Records supplied
****************************************
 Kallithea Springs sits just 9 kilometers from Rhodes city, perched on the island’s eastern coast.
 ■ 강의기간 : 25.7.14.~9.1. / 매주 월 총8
****************************************
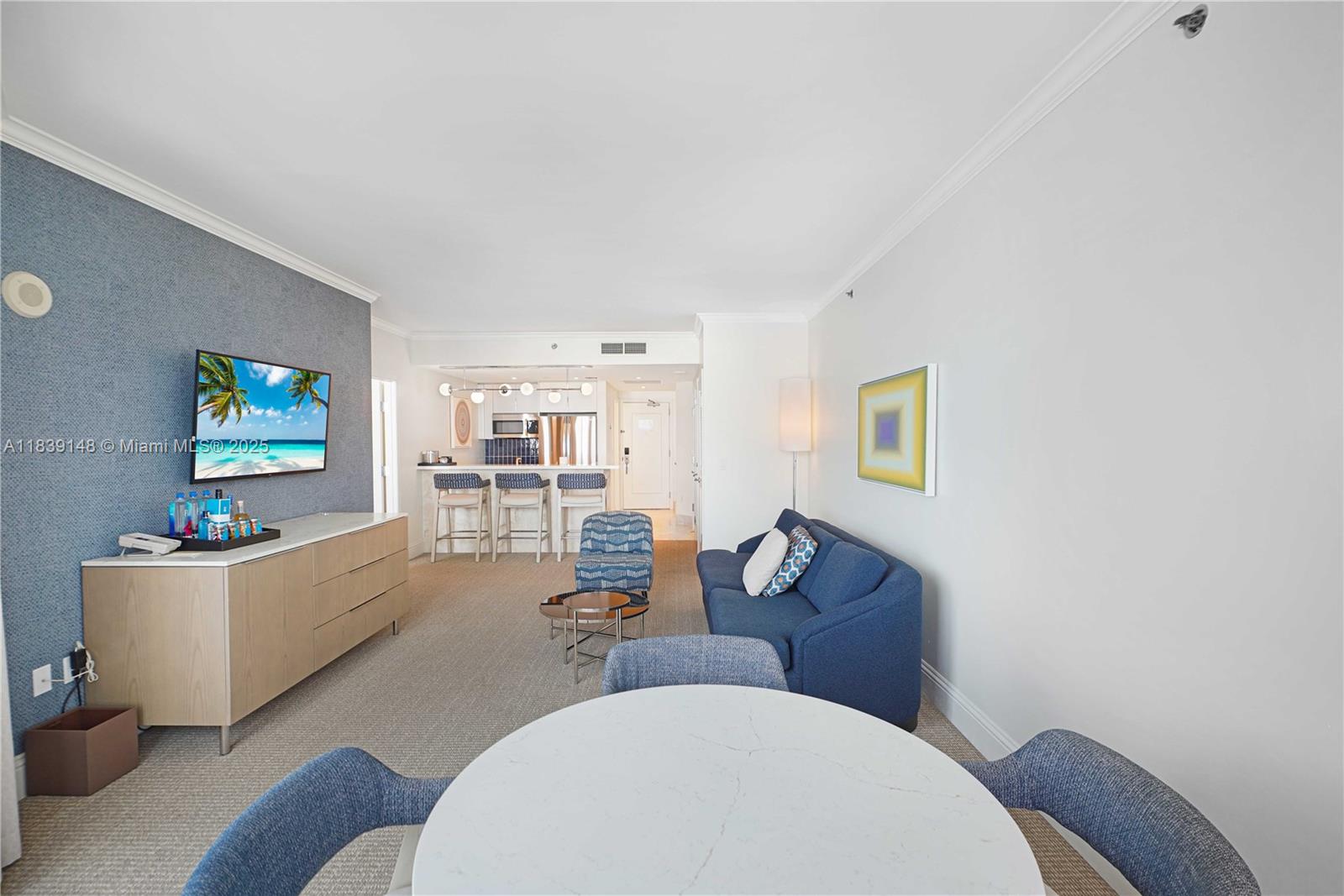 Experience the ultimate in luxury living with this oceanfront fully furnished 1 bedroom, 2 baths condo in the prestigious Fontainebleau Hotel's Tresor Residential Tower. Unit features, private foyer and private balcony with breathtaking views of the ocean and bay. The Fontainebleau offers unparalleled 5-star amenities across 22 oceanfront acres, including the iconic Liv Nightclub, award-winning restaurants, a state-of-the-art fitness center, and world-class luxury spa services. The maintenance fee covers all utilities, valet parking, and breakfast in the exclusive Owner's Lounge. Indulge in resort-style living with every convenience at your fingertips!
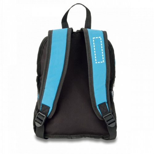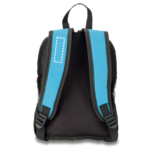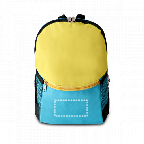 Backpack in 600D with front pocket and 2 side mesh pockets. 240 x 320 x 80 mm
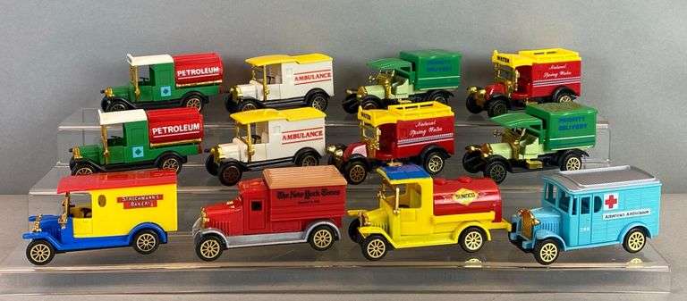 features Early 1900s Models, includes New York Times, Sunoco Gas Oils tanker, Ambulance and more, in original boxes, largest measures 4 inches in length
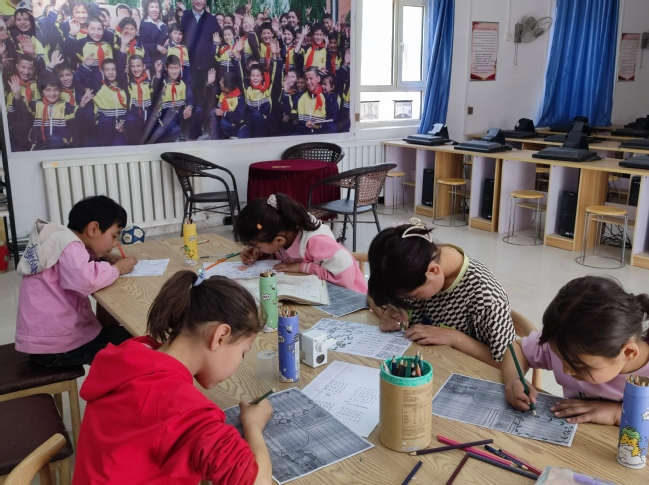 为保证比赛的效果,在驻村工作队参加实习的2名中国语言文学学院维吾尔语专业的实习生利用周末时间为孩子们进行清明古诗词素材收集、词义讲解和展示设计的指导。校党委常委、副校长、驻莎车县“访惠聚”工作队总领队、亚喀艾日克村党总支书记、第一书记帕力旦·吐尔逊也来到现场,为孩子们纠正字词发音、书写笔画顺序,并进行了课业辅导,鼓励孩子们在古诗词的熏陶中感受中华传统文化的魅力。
****************************************
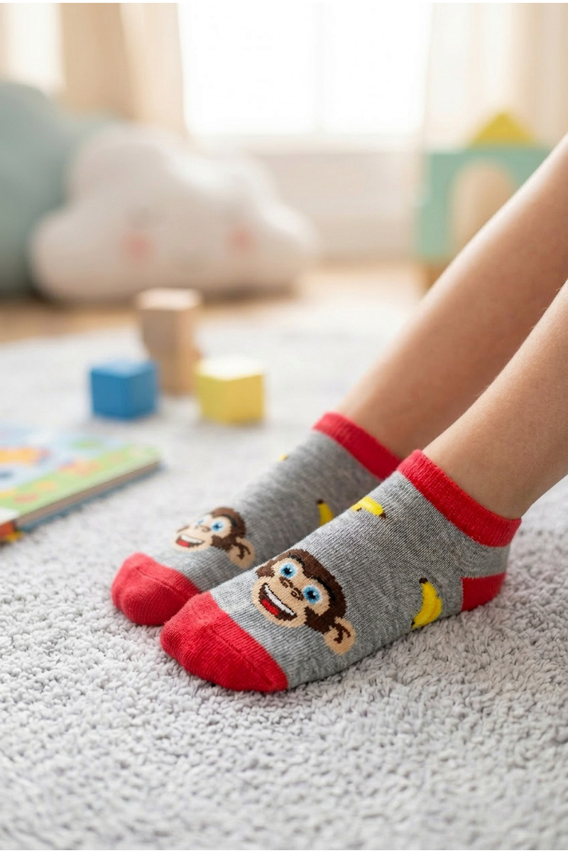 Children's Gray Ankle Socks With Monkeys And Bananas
****************************************
What to work on
Copy word for word only the lines above from the one with "Experience the ultimate" through the one with "为保证比赛的效果,在驻村工作". Leave pictures out.

Reply
 Experience the ultimate in luxury living with this oceanfront fully furnished 1 bedroom, 2 baths condo in the prestigious Fontainebleau Hotel's Tresor Residential Tower. Unit features, private foyer and private balcony with breathtaking views of the ocean and bay. The Fontainebleau offers unparalleled 5-star amenities across 22 oceanfront acres, including the iconic Liv Nightclub, award-winning restaurants, a state-of-the-art fitness center, and world-class luxury spa services. The maintenance fee covers all utilities, valet parking, and breakfast in the exclusive Owner's Lounge. Indulge in resort-style living with every convenience at your fingertips!
 Backpack in 600D with front pocket and 2 side mesh pockets. 240 x 320 x 80 mm
 features Early 1900s Models, includes New York Times, Sunoco Gas Oils tanker, Ambulance and more, in original boxes, largest measures 4 inches in length
 为保证比赛的效果,在驻村工作队参加实习的2名中国语言文学学院维吾尔语专业的实习生利用周末时间为孩子们进行清明古诗词素材收集、词义讲解和展示设计的指导。校党委常委、副校长、驻莎车县“访惠聚”工作队总领队、亚喀艾日克村党总支书记、第一书记帕力旦·吐尔逊也来到现场,为孩子们纠正字词发音、书写笔画顺序,并进行了课业辅导,鼓励孩子们在古诗词的熏陶中感受中华传统文化的魅力。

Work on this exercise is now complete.